Based on the theme of partnership, this year’s report examines the ways in which governments and other stakeholders have collaborated to advance anti-trafficking priorities and goals, and emphasizes the importance of including a breadth of groups and individuals in anti-trafficking work. Governments are increasingly prioritizing survivor engagement and, by ensuring that anti-trafficking programming and policies reflect the realities of human trafficking, and integrate trauma-informed, survivor-informed, and victim-centered approaches, they are seeing improved outcomes, the report says. However, NGOs and survivors should not be expected to carry the financial burden of a government’s anti-trafficking responses, and it is essential for governments to provide adequate resourcing and financial support.

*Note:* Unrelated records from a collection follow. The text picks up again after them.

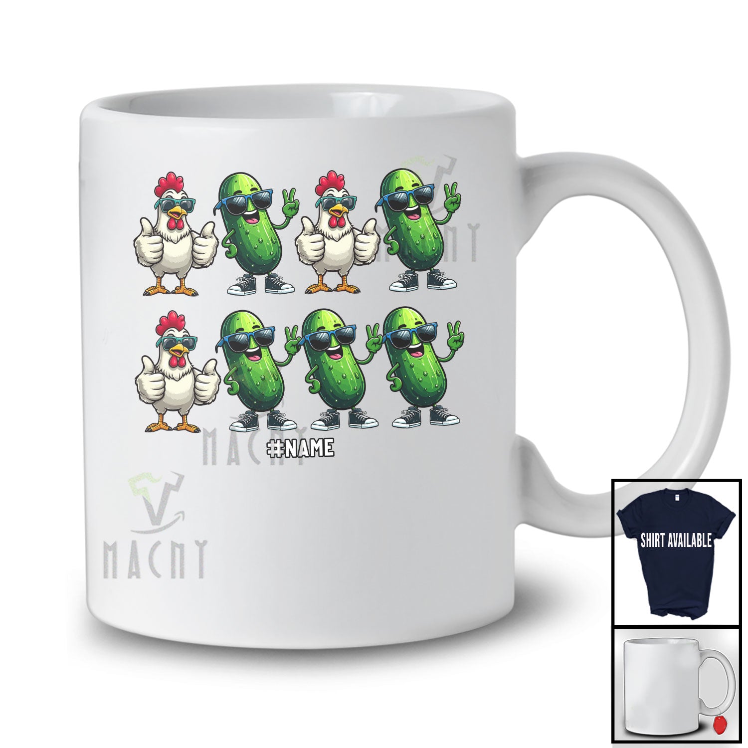 Personalized Chicken Pickle Sunglasses; Humorous Summer Birthday Custom Name Vegan Farmer T-Shirt. This cotton t-shirt is a durable staple product with a classic fit. One of the most popular items, it has a relaxed style made for everyday and casual wear.
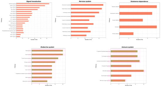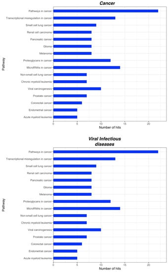 In another study [], six circulating miRNAs were significantly and differentially regulated in patients with FM compared to healthy controls. To identify putative gene targets of the deregulated miRNAs, a bioinformatic analysis was conducted, showing that several biological processes related to brain function/development and muscular functions were targeted by the dysregulated miRNAs in FM patients.
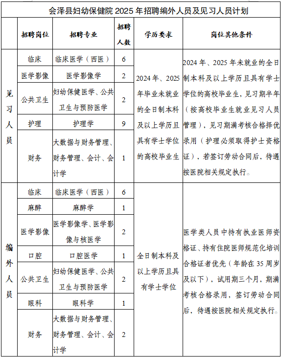 會澤縣婦幼保健院2025年招聘編外人員及見習(xí)人員公告
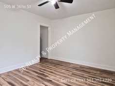 Welcome home to 505 W 36th St. Unit available in duplex. Recently updated 2 bedroom 1.5 bath. Central heat/window air. Kitchen appliances included (fridge & stove). Washer & dryer hookups. Renters insurance required.
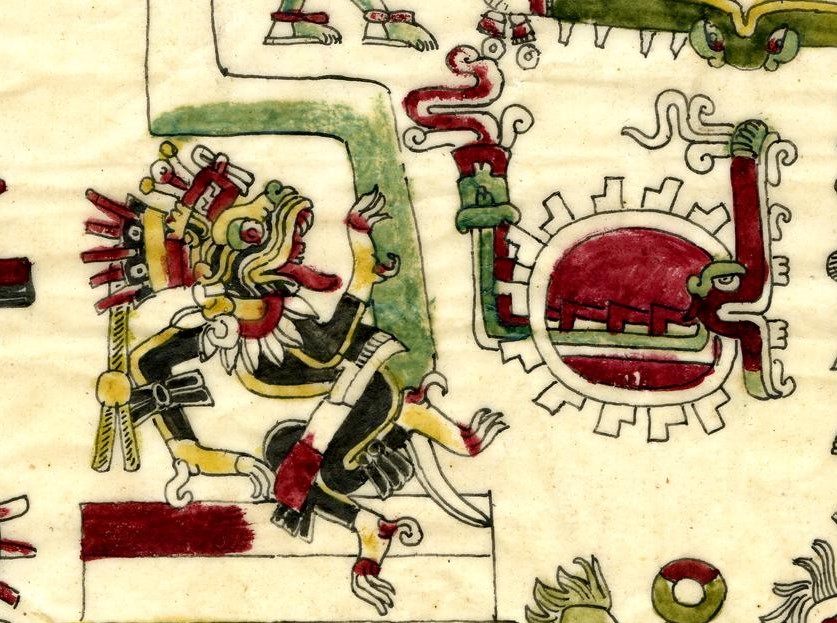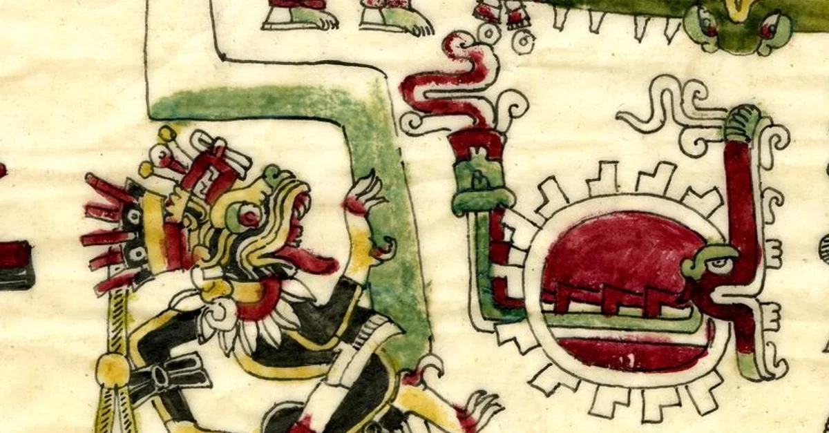 Painting of the dog-headed Aztec god Xolotl with the fire serpent Xiuhcoatl, from a facsimile of the pre-Hispanic Borgia Codex, 16th century.
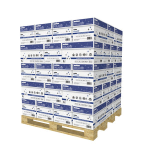 - Pallet of 40 cases of white paper includes 10 reams per case and 500 sheets per ream.
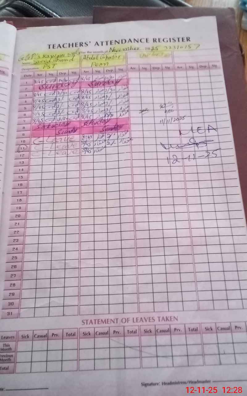 | Name: SH**** TA**** Designation: (School Headmaster's/Headmistress's) PST Phone/Cell Number: 03**** 26**** |
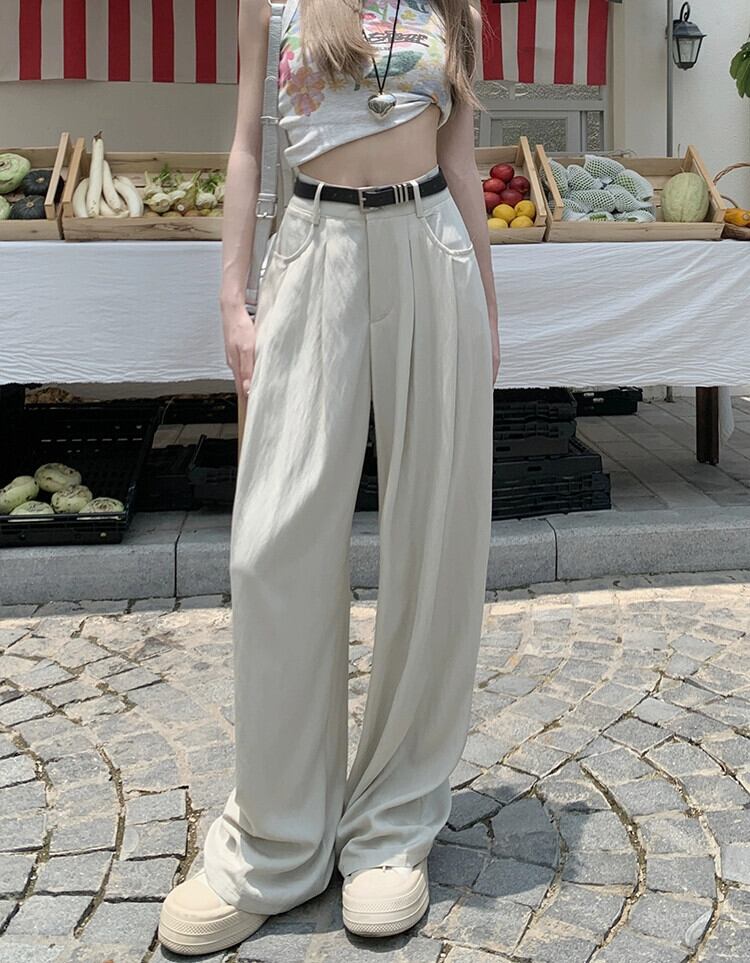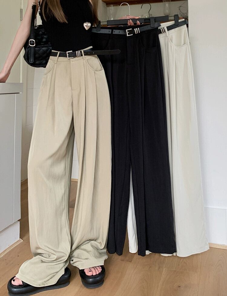 通気性のあるカジュアルスーツパンツレディース2023年夏新作軽くて薄いハイウエストスリムワイドレッグパンツシック ハイウェスト サマー 夏物 ワイドパンツ missk83022325356

Partnerships that focus on technological innovations to combat human trafficking are increasingly evolving among a range of multidisciplinary stakeholders, says the report. Governments can learn from and replicate innovative tech applications and partnerships among the private sector and civil society to improve their own efforts to advance responsible supply chains, for instance by strengthening supply chain management with risk mapping and due diligence tools; bolstering worker engagement through the provision of rights-based information and training; and driving worker empowerment through technologies designed to reinforce responsible recruitment and grievance mechanisms.
Amongst others, changes in this year’s country rankings include upgrades of Ethiopia, Hong Kong, and Indonesia to Tier 2, and Brunei, Malaysia and Vietnam to the Tier 2 Watch List. Namibia and Slovenia have been downgraded to Tier 2, and Algeria, Chad and Djibouti to Tier 3. Thailand and Taiwan remain in Tier 2 and Tier 1, respectively, despite calls by the Seafood Working Group to downgrade both countries.
Topics of special interest in this year’s report include forced criminality in cyberscam operations and the multi-billion dollar industry that drives it; concealment of forced labour and other labour abuses by manufacturers, leading to unreliable social audits; growing awareness of the number of boys exploited in human trafficking, and the inadequate support services available to them; and online recruitment by traffickers taking advantage of the increasing use of social media and smartphone apps in developing economies.
The report also includes a series of Survivor Insights – pieces written by those with lived experience of human trafficking, exploring themes such cultural barriers to survivor inclusion, equity in survivor leadership, and the role of culture in human trafficking.
This year’s TIP Report Heroes include Pureza Lopes Loyola, whose quest to find her son led the Brazilian Government to create an inspection group of law enforcement officers and labour prosecutors to identify and support victims of labour trafficking and exploitation; Mech Dara, whose investigative reporting on increased incidents of human trafficking in Cambodia brought international attention to the scandal of forced labour in cyberscam compounds; and R. Evon Benson-Idahosa, an expert on the intersectionality of human trafficking and the economic empowerment of women in sub-Saharan Africa, who advocates globally for an end to sex trafficking. Congratulations to all eight heroes!
Secretary Blinken introduces the report by saying, “The pages that follow are an immediate call to action. Tackling a global problem like trafficking requires a global coalition, one that cuts across government, business, and civil society. By sharing resources and information, we can better equip front-line stakeholders to track and respond to evolving trafficking trends. By partnering with survivors, we can better establish trauma-informed anti-trafficking policies and strategies. And by leveraging technology, we can better address the nexus between finance and human trafficking and better detect online exploitation.”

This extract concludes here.